** TASK DIRECTIONS **
Could you restate every entry word for word, minus the pictures?

--- --- ---

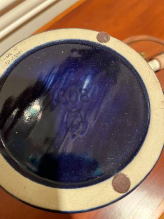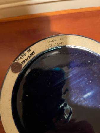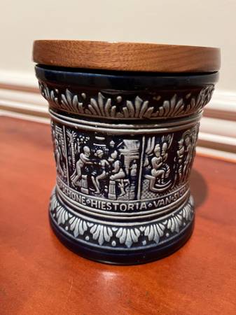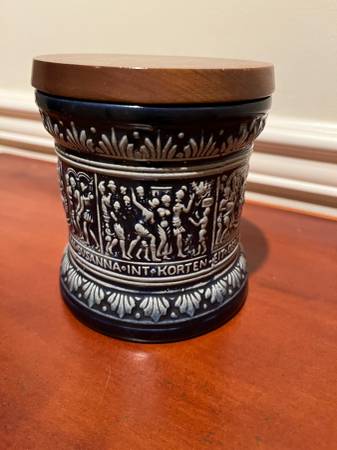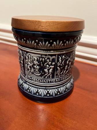 Vintage Tobacco Jar Humidor, blue ceramic with wooden lid. Note that the lid has a dehumidifier insert. Stamped on edge "Made in Germany" by Marzi & Remy. Marked on bottom with Number 608. It Is approximately 5 1/8" Tall X 4.5" Diameter. There are no chips or cracks and it does not smell of tobacco.
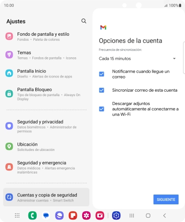 Pulsa en el campo junto a "Sincronizar correo de esta cuenta" para activar la función.
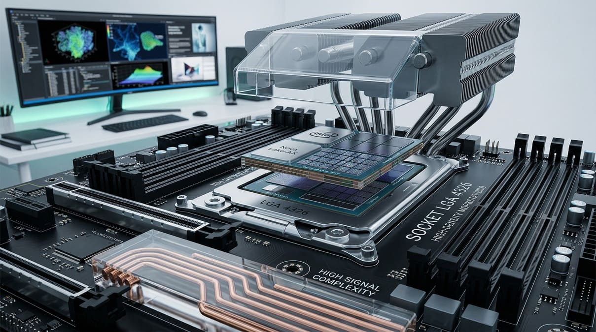 El uso de un Socket LGA 4326 resulta especialmente relevante por sus dimensiones, cercanas a los 37,5 x 56,5 mm, lo que lo sitúa muy por encima de otras plataformas actuales dentro del catálogo de Intel. Este tamaño no es casual, sino que refleja necesidades técnicas específicas ligadas a un diseño más ambicioso.
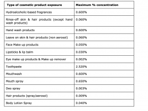 Based on this opinion, there will be a new restriction for this ingredient in various products placed on the market from Dec 2022. The below table will explain the new restriction based on each cosmetic category:
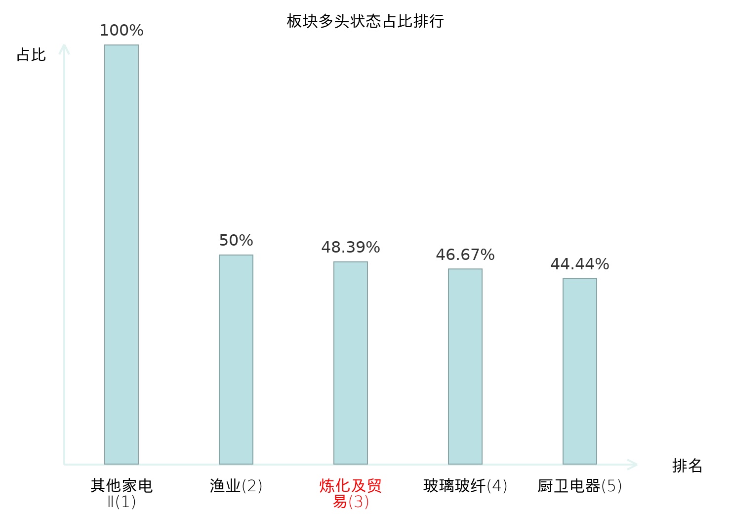 全市场所有行业板块中主力多头状态占比排名中,其他家电Ⅱ板块位居第一。冶钢原料板块名次提升最快,较昨日上升67位。
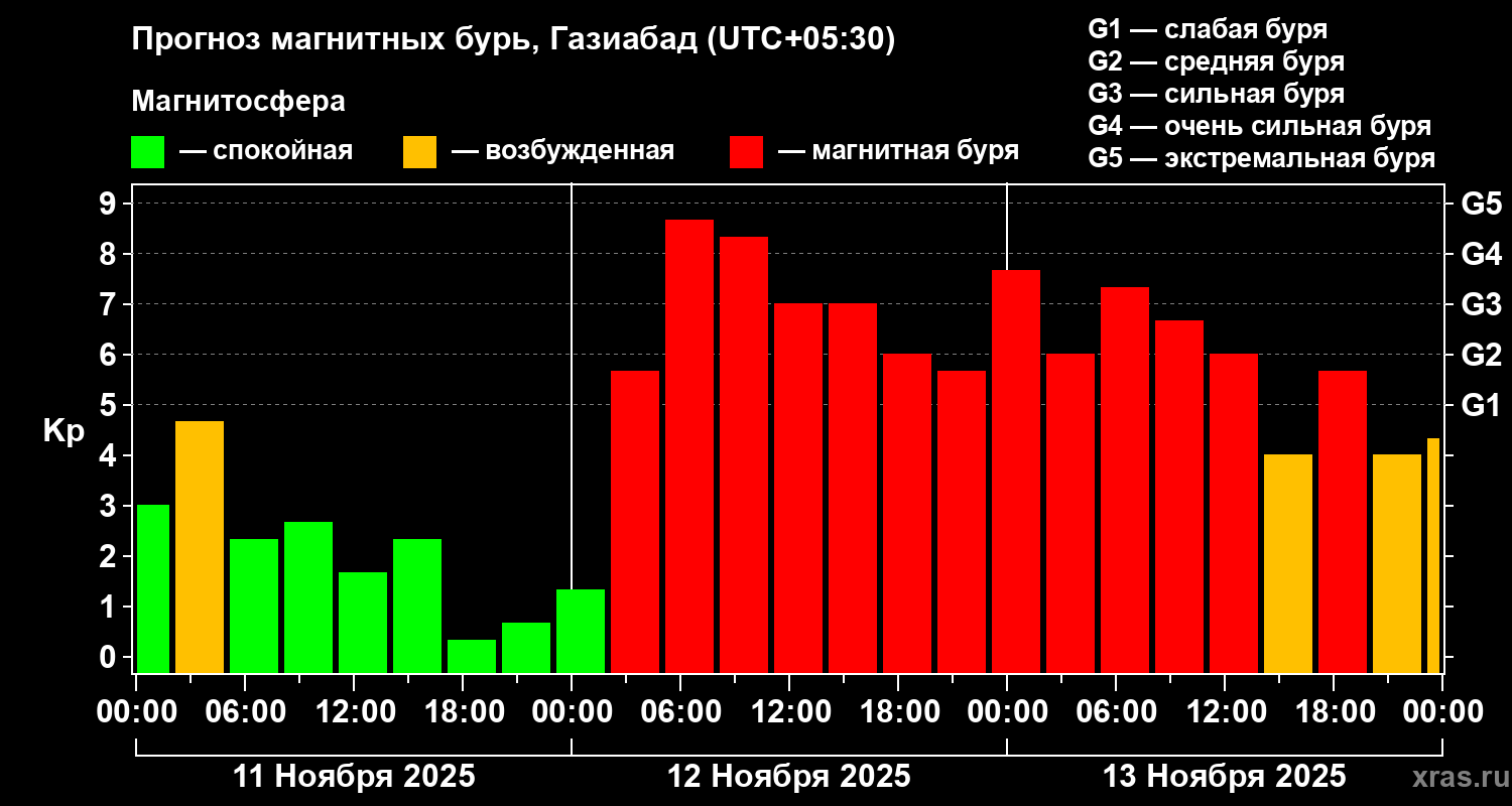 Прогноз магнитных бурь в Газиабаде — 11 ноября 2025 года
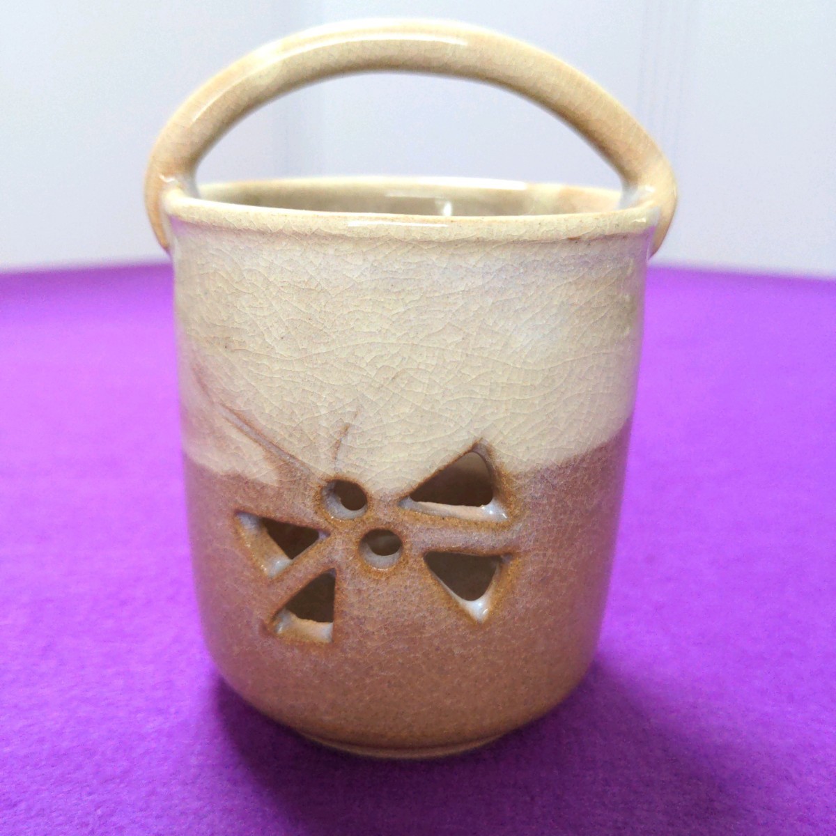 - 香炉? 焼物 陶器 容器 入れ物 持ち手付き 蝶 刻印あり 全長約11cm 口径約7.3cm 持ち手を含まない高さ約8.3cm 蝶々 柔らかい色合い
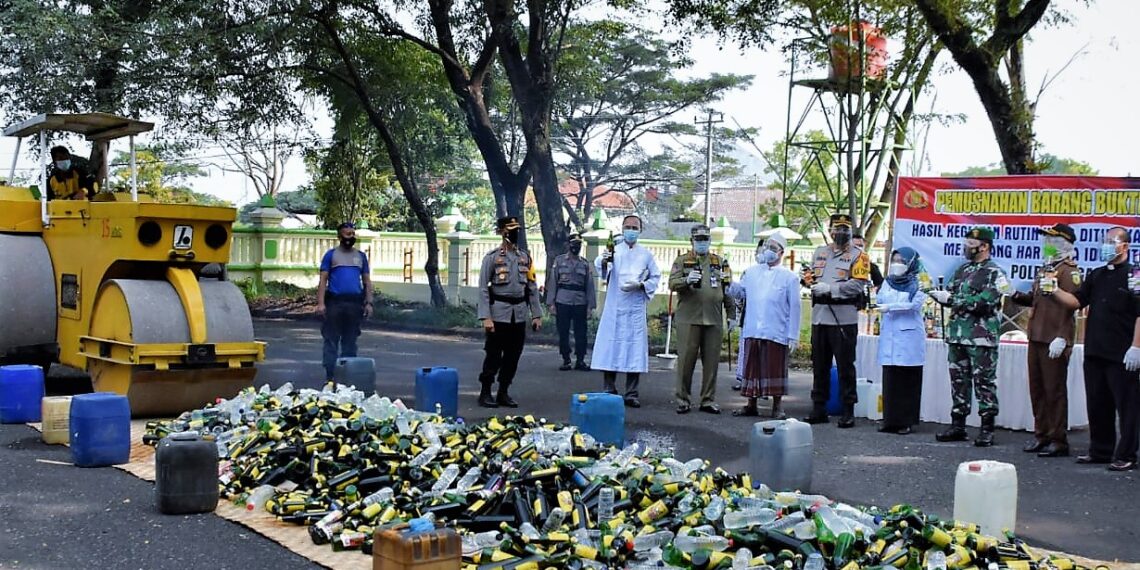 Slawi – Usai pimpin Apel Gelar Pasukan Operasi Ketupat 2021 di lapangan Pemda pada Rabu (05/05/2021), Bupati Tegal Umi Azizah saksikan pemusnahan barang bukti 8.000 botol minuman keras (miras) yang disita dari perkara pidana ringan penjualan miras tanpa izin. Pemusnahan miras dari berbagai jenis dan merek tersebut dipimpin langsung Kepala Kepolisian Resor (Kapolres) Tegal AKBP Muhammad Iqbal Simatupang dan disaksikan unsur Forum Komunikasi Pimpinan Daerah (Forkopimda) Kabupaten Tegal.
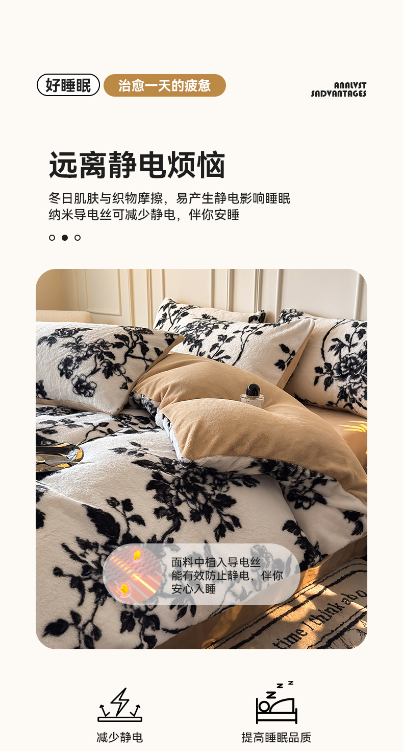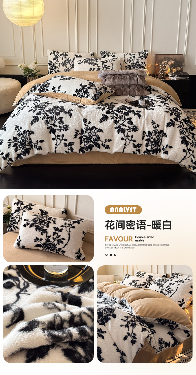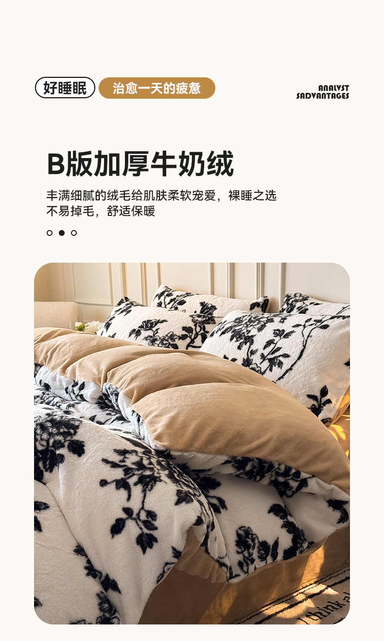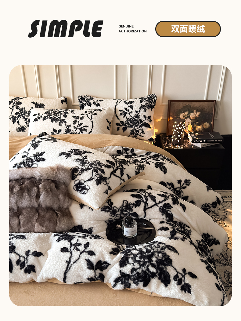 【下架】自然醒冬天加绒双面牛奶法兰绒被套单件冬季加厚珊瑚绒毛茸男被罩三件套床笠四件套JY
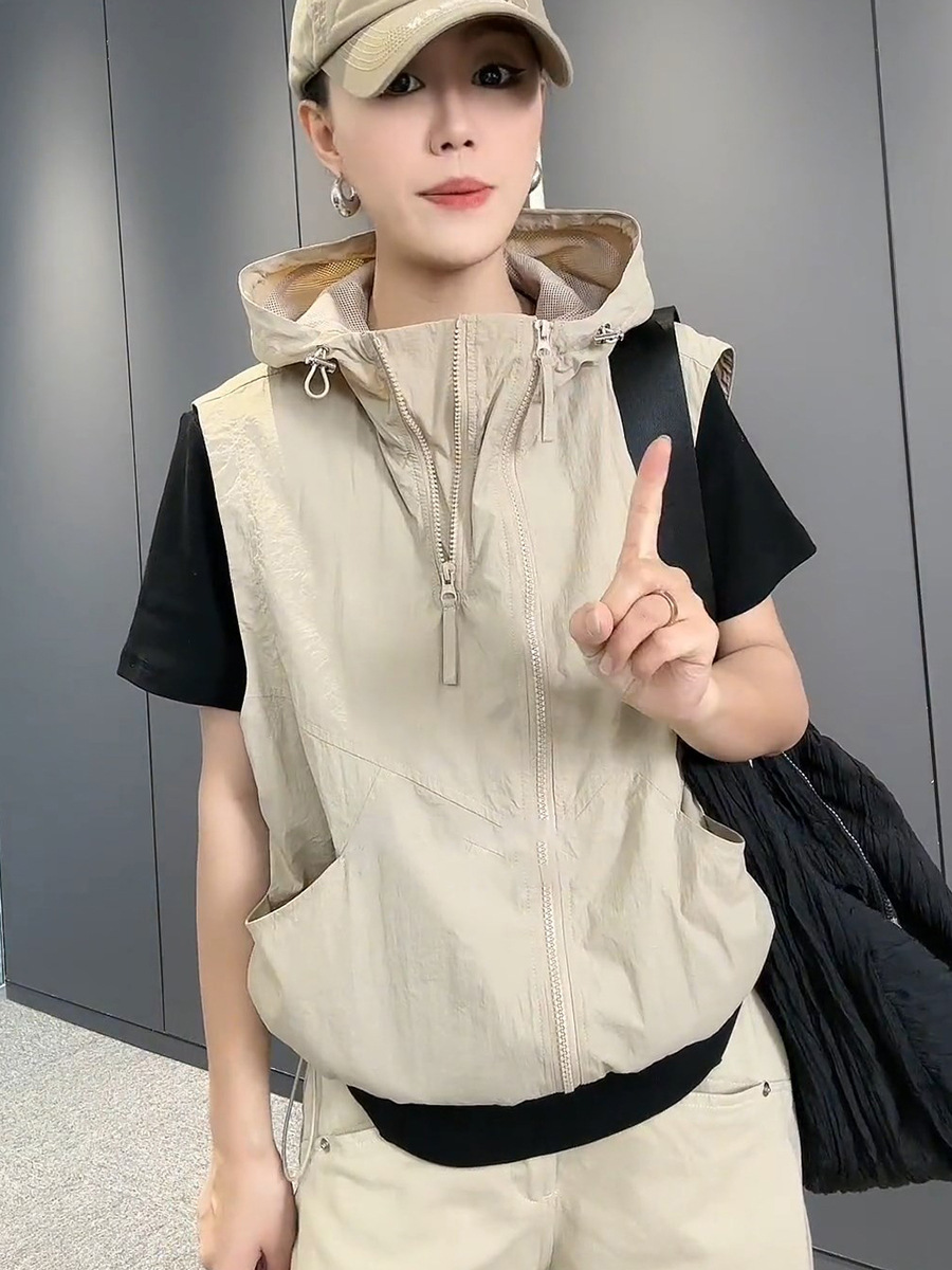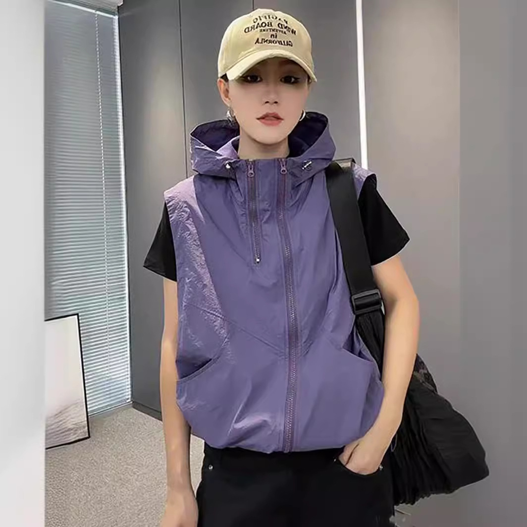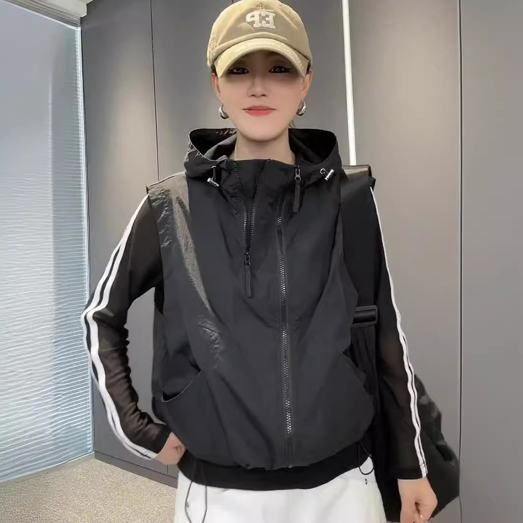 얇은 조끼 봄 여름 여성용 코트 2024 후드 슬림핏 조끼 다용도 베스트 자외선 차단 의류 여성용 가벼운 자외선 차단복

--- --- ---

** SOLUTION FOR THIS TASK **
 Vintage Tobacco Jar Humidor, blue ceramic with wooden lid. Note that the lid has a dehumidifier insert. Stamped on edge "Made in Germany" by Marzi & Remy. Marked on bottom with Number 608. It Is approximately 5 1/8" Tall X 4.5" Diameter. There are no chips or cracks and it does not smell of tobacco.
 Pulsa en el campo junto a "Sincronizar correo de esta cuenta" para activar la función.
 El uso de un Socket LGA 4326 resulta especialmente relevante por sus dimensiones, cercanas a los 37,5 x 56,5 mm, lo que lo sitúa muy por encima de otras plataformas actuales dentro del catálogo de Intel. Este tamaño no es casual, sino que refleja necesidades técnicas específicas ligadas a un diseño más ambicioso.
 Based on this opinion, there will be a new restriction for this ingredient in various products placed on the market from Dec 2022. The below table will explain the new restriction based on each cosmetic category:
 全市场所有行业板块中主力多头状态占比排名中,其他家电Ⅱ板块位居第一。冶钢原料板块名次提升最快,较昨日上升67位。
 Прогноз магнитных бурь в Газиабаде — 11 ноября 2025 года
 - 香炉? 焼物 陶器 容器 入れ物 持ち手付き 蝶 刻印あり 全長約11cm 口径約7.3cm 持ち手を含まない高さ約8.3cm 蝶々 柔らかい色合い
 Slawi – Usai pimpin Apel Gelar Pasukan Operasi Ketupat 2021 di lapangan Pemda pada Rabu (05/05/2021), Bupati Tegal Umi Azizah saksikan pemusnahan barang bukti 8.000 botol minuman keras (miras) yang disita dari perkara pidana ringan penjualan miras tanpa izin. Pemusnahan miras dari berbagai jenis dan merek tersebut dipimpin langsung Kepala Kepolisian Resor (Kapolres) Tegal AKBP Muhammad Iqbal Simatupang dan disaksikan unsur Forum Komunikasi Pimpinan Daerah (Forkopimda) Kabupaten Tegal.
 【下架】自然醒冬天加绒双面牛奶法兰绒被套单件冬季加厚珊瑚绒毛茸男被罩三件套床笠四件套JY
 얇은 조끼 봄 여름 여성용 코트 2024 후드 슬림핏 조끼 다용도 베스트 자외선 차단 의류 여성용 가벼운 자외선 차단복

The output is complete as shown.